Los perfumes y un falso milagro

Me engañó la vida con un falso milagro. Cuando me acercaba al ambón para proclamar el evangelio, percibía aroma de rosas; no sucedía siempre, sólo algunos días. Creí que me bendecía el Señor con el aroma de su palabra, hasta que me percaté de que aquel fenómeno sólo sucedía cuando en el primer banco estaba una feligresa determinada, aficionada a ducharse con perfume en lugar de con agua, como todo el mundo. Menuda decepción.

Y la casa se llenó de la fragancia del perfume. No soy muy aficionado a los frascos de colonia, pero los perfumes de la Escritura me cautivan. El Antiguo Testamento está lleno de perfumes exóticos y, en el Nuevo, los perfumes son pieza clave en el entierro de Cristo. Lo tenía guardado para el día de mi sepultura.

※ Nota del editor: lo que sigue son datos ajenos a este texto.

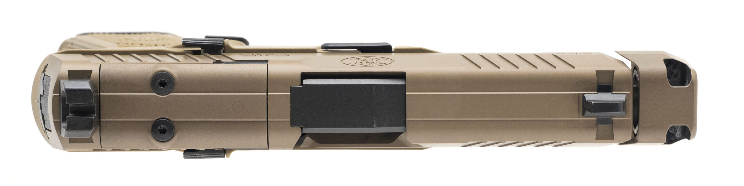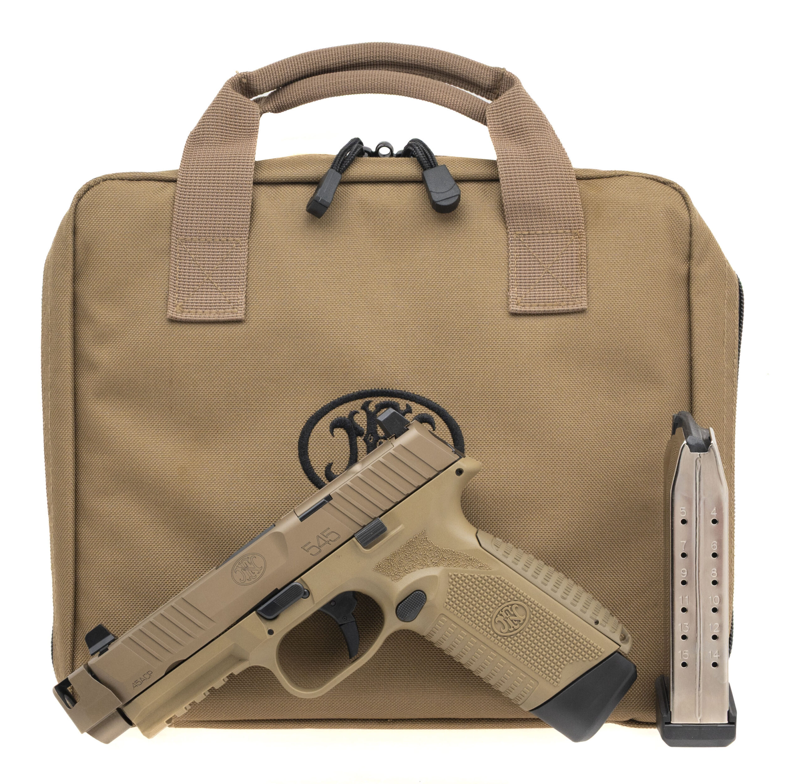 SN: BBP0068648. Modern production, .45 ACP with a 4.1" barrel w/compensator. Bore is excellent. Full size striker-fired pistol with an optics ready slide, co-witnessed front & rear sights, ambidextrous controls, accessory rail, and FDE finish & polymer frame. Overall condition excellent. Includes an additional magazine, and soft carry case.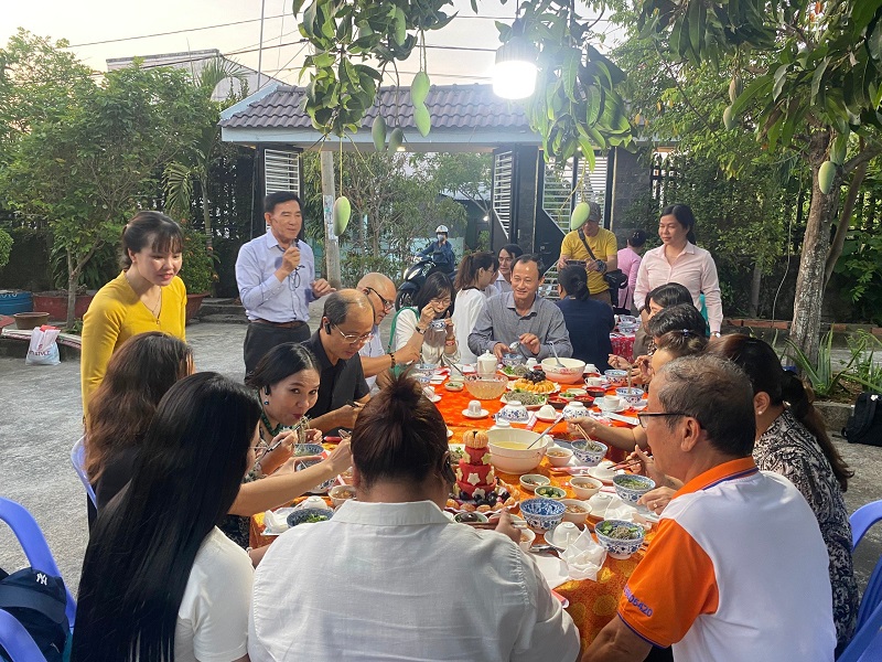 Đoàn khách tham quan thưởng thức mỳ trường dạ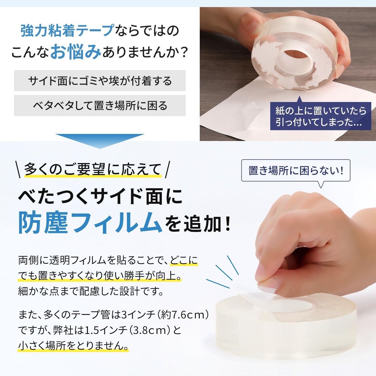 【貼りたい場所に困らない工夫】両サイドに防塵フィルム付きだから、使うまでペタペタしない!サイドにゴミがつかず、保管も快適。芯の直径もコンパクト設計で、省スペースに収まりやすいのもうれしい。使いやすさへのこだわりが詰まった一本!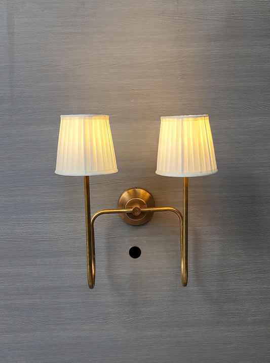 Timeless Elegance Handcrafted Raw Brass 2 Arm Wall Lamp for Distinctive Decor Artisan Lighting Fixture for Your Home Fabric wall fixture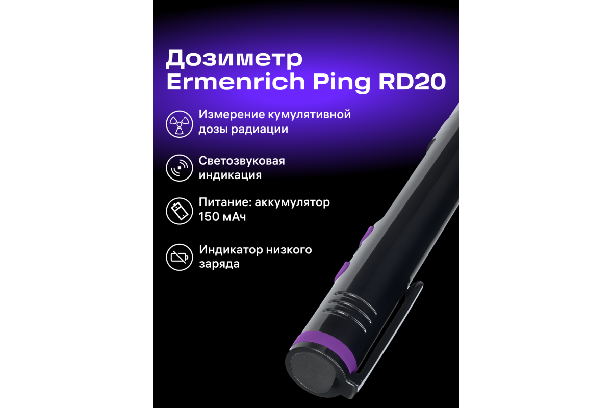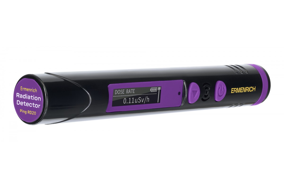 Дозиметр Ermenrich Ping RD20 совсем небольшого размера, но по функциональности не уступает обычным моделям. Он измеряет радиационный фон и помогает определить уровень гамма-, бета- и рентгеновского излучения в воде, продуктах питания, почве и различных объектах. В качестве датчика используется счетчик Гейгера-Мюллера. Диапазон измерения – от 0,05 мкЗв до 50 мЗв. Если допустимый уровень радиации будет превышен, дозиметр подаст сигнал звуком или светом.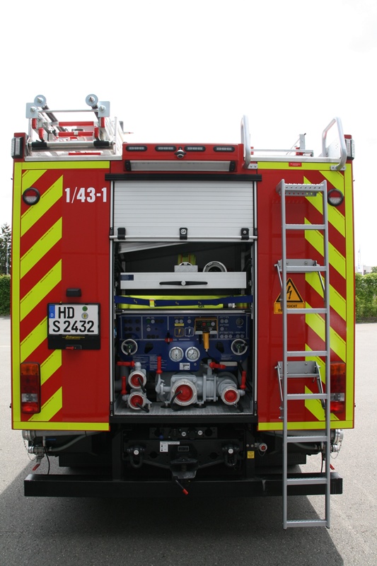 Daneben ist die nach DIN vorgegebene Ausstattung wie Werkzeugsatz, Elektrowerkzeugsatz, Verkehrsunfallsatz, Schornsteinfegerwerkzeug, Notfallrucksack, Motorkettensäge, Trennschleifer, Beleuchtungsgerät und vieles mehr auf dem Fahrzeug leicht zugänglich verlastet.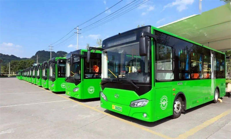 煥然一新的綠色新能源電動(dòng)公交車列裝上線運(yùn)營(yíng)

Dice san Pablo que nosotros somos incienso de Cristo ofrecido a Dios, entre los que se salvan y los que se pierden; para unos, olor de muerte que mata; para los otros, olor de vida, para vida (2Cor 15-16). Por eso Judas no soportó aquel perfume de amor derramado por María.

Traed ese perfume al templo, y no os bañéis en agua de rosas, que no hace falta.